** PROVIDED RECORDS follows **
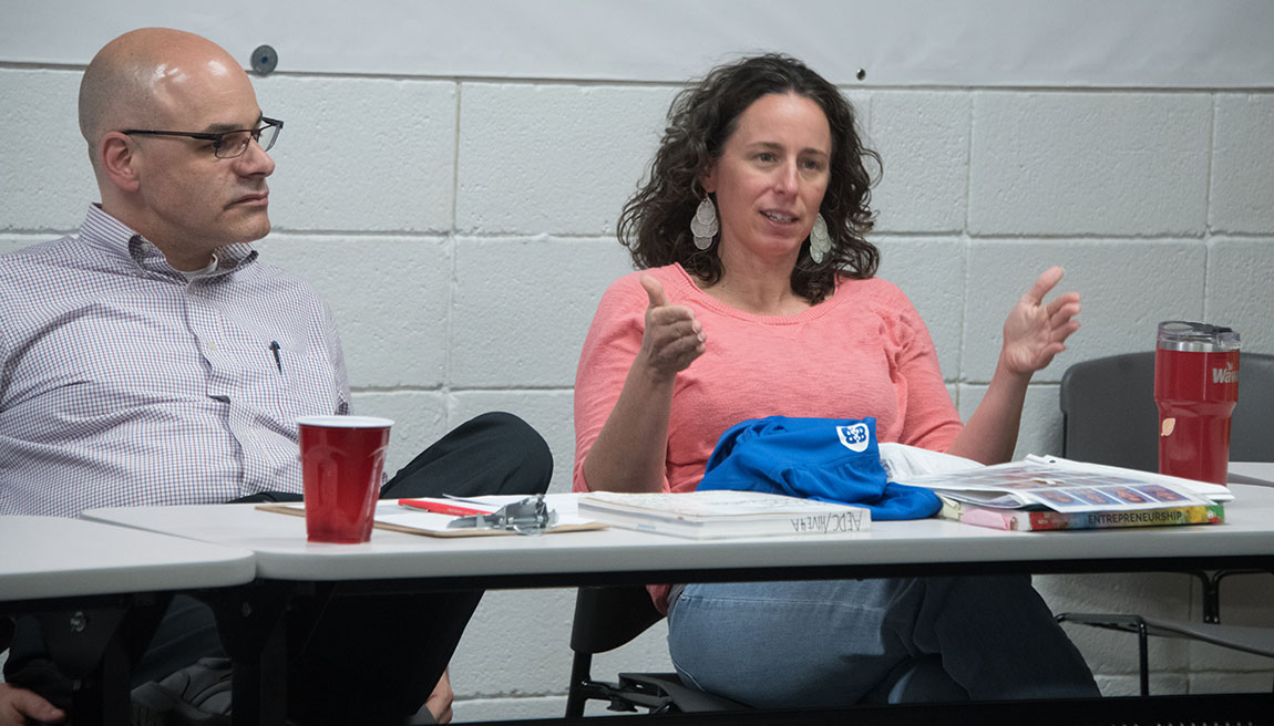 The class sessions include some lectures, some teamwork on the businesses and the occasional visiting expert. One guest this semester was Anthony Durante (pictured, with Chesterton) from the Allentown Economic Development Corporation. Each group had five minutes to present to Durante and 10 minutes to field his questions and feedback. The students benefit from outside perspectives like these: “It’s my role to be supportive as well as critical,” Chesterton says. “Sometimes it helps to have somebody who’s outside who can be more critical.”
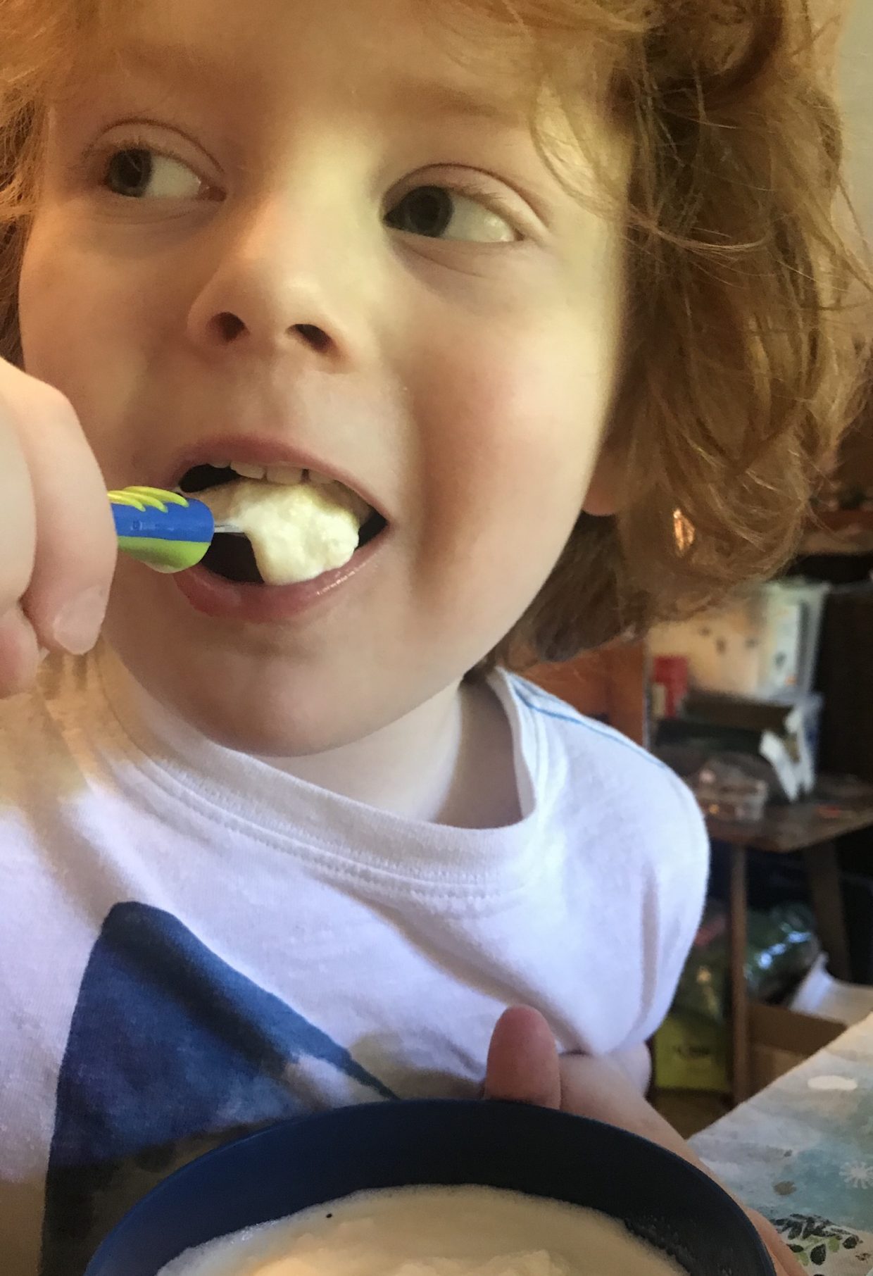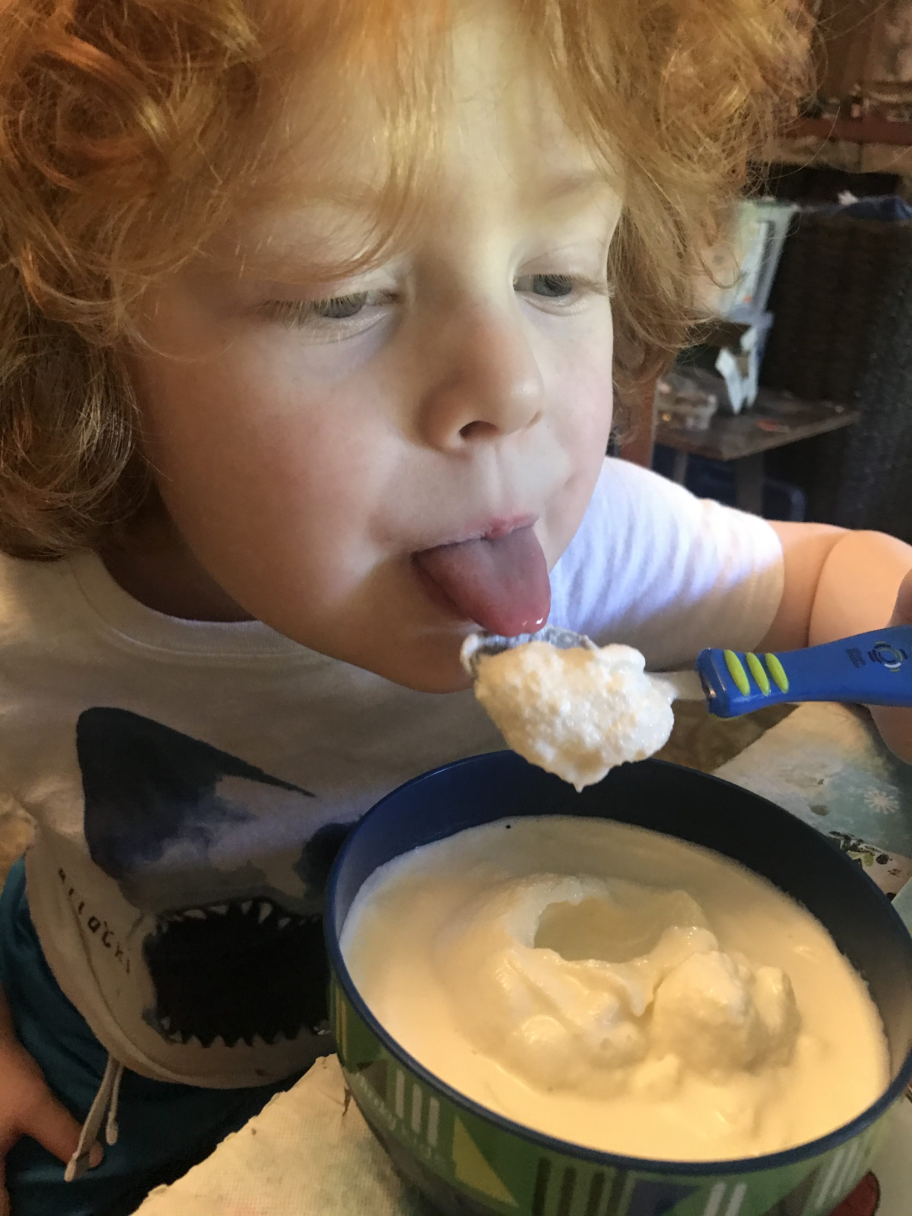 So, of course we had to make some! Poured all the ingredients into a bag, put it in a bigger bag of ice, and shake away!
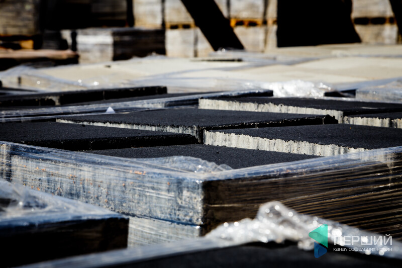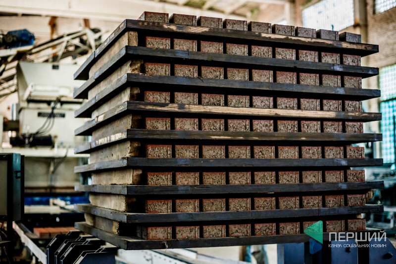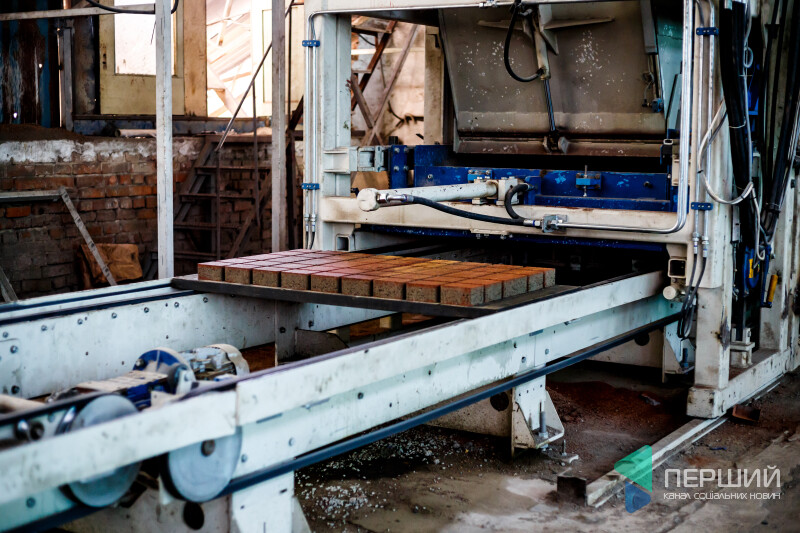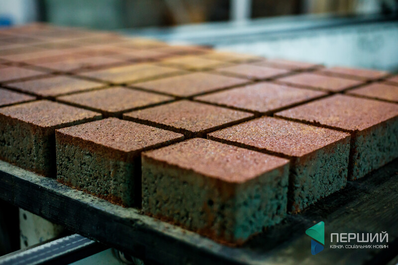 Бруківка народжується… голосно. Шумить конвеєр. Гігантські «міксери» перемішують розчин. Раз у кілька хвилин в цеху усе заглушує вібруюче «дррррррр» – це, власне, «роди»: з-під пресу з’являється конвеєр з рядами акуратних однакових «пиріжків».
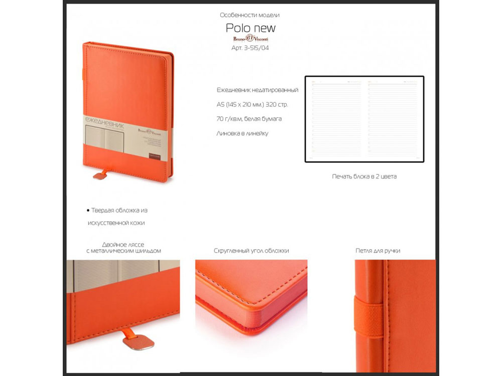 В ежедневнике Polo есть полезная справочная информация, а также 320 страниц для записи идей, мыслей и составления рабочих планов. Для изготовления страниц используется качественный бежевый офсет повышенной плотности (70 г/кв м).
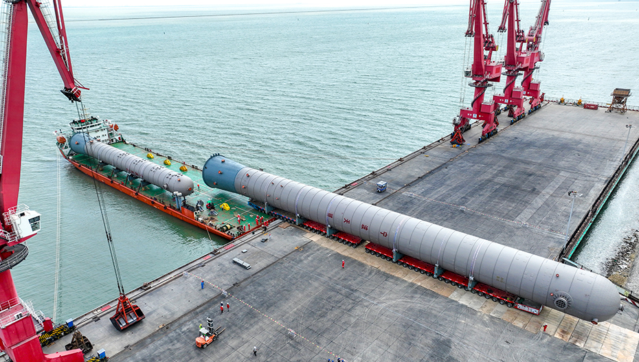 6月8日,装载天津南港乙烯项目首台大型设备配件的“恒基88”轮,缓缓驶入天津南港工业区通用泊位7#码头,该船所装载两台设备总重量达2130吨,本次作业打破了南港港务公司接卸最大载重设备纪录。
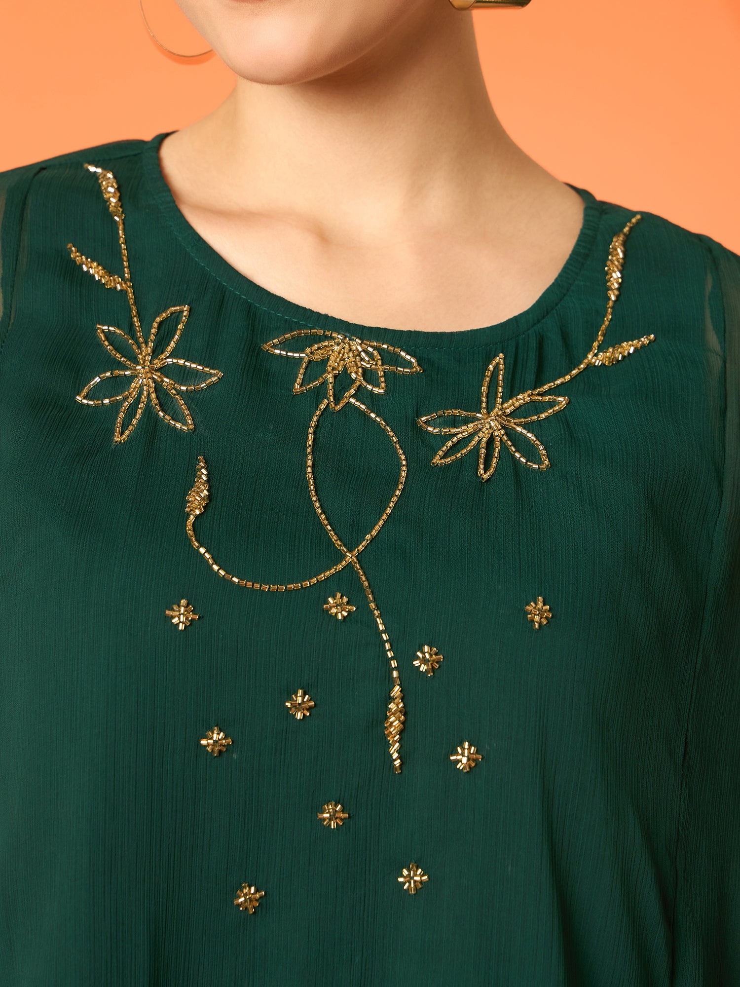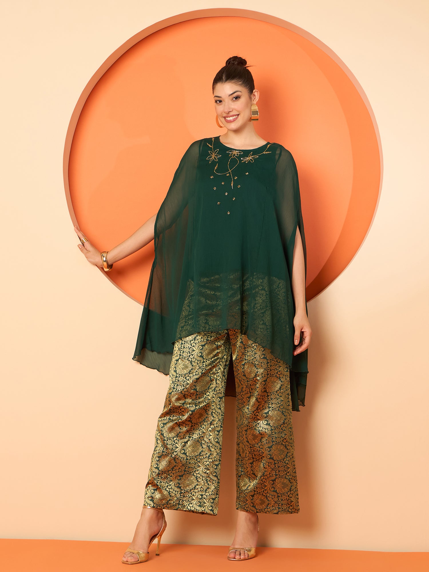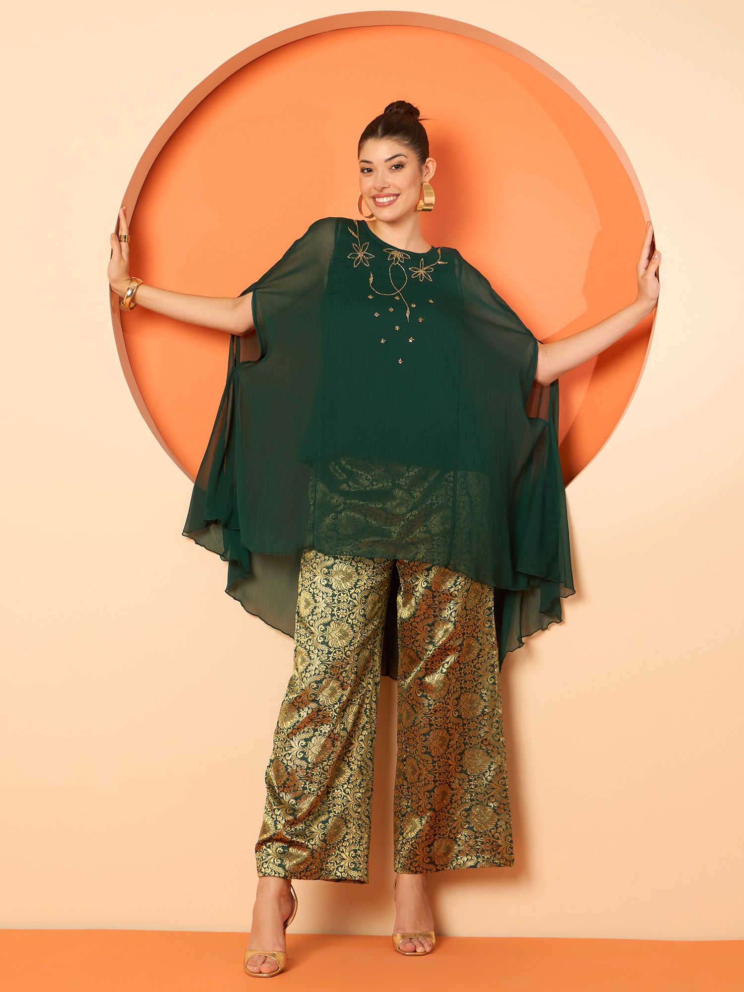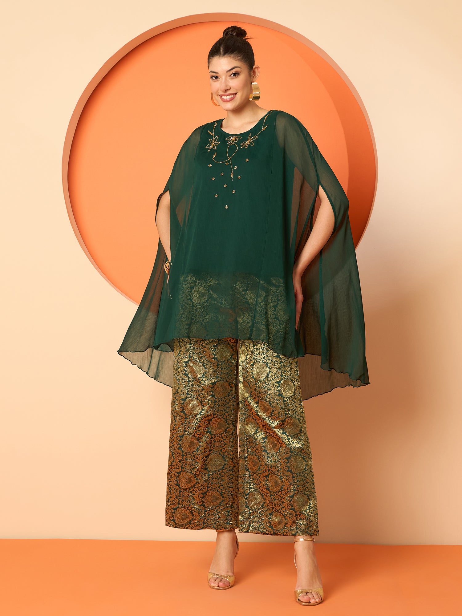 Green embellished regular-fit cape top, has round neck, three quarter sleeves, flared hem and slip-on closure
** End of PROVIDED RECORDS **
## PROMPT
A faithful reproduction of every entry, with no pictures, is the expected answer.

## RESULT BELOW
 The class sessions include some lectures, some teamwork on the businesses and the occasional visiting expert. One guest this semester was Anthony Durante (pictured, with Chesterton) from the Allentown Economic Development Corporation. Each group had five minutes to present to Durante and 10 minutes to field his questions and feedback. The students benefit from outside perspectives like these: “It’s my role to be supportive as well as critical,” Chesterton says. “Sometimes it helps to have somebody who’s outside who can be more critical.”
 So, of course we had to make some! Poured all the ingredients into a bag, put it in a bigger bag of ice, and shake away!
 Бруківка народжується… голосно. Шумить конвеєр. Гігантські «міксери» перемішують розчин. Раз у кілька хвилин в цеху усе заглушує вібруюче «дррррррр» – це, власне, «роди»: з-під пресу з’являється конвеєр з рядами акуратних однакових «пиріжків».
 В ежедневнике Polo есть полезная справочная информация, а также 320 страниц для записи идей, мыслей и составления рабочих планов. Для изготовления страниц используется качественный бежевый офсет повышенной плотности (70 г/кв м).
 6月8日,装载天津南港乙烯项目首台大型设备配件的“恒基88”轮,缓缓驶入天津南港工业区通用泊位7#码头,该船所装载两台设备总重量达2130吨,本次作业打破了南港港务公司接卸最大载重设备纪录。
 Green embellished regular-fit cape top, has round neck, three quarter sleeves, flared hem and slip-on closure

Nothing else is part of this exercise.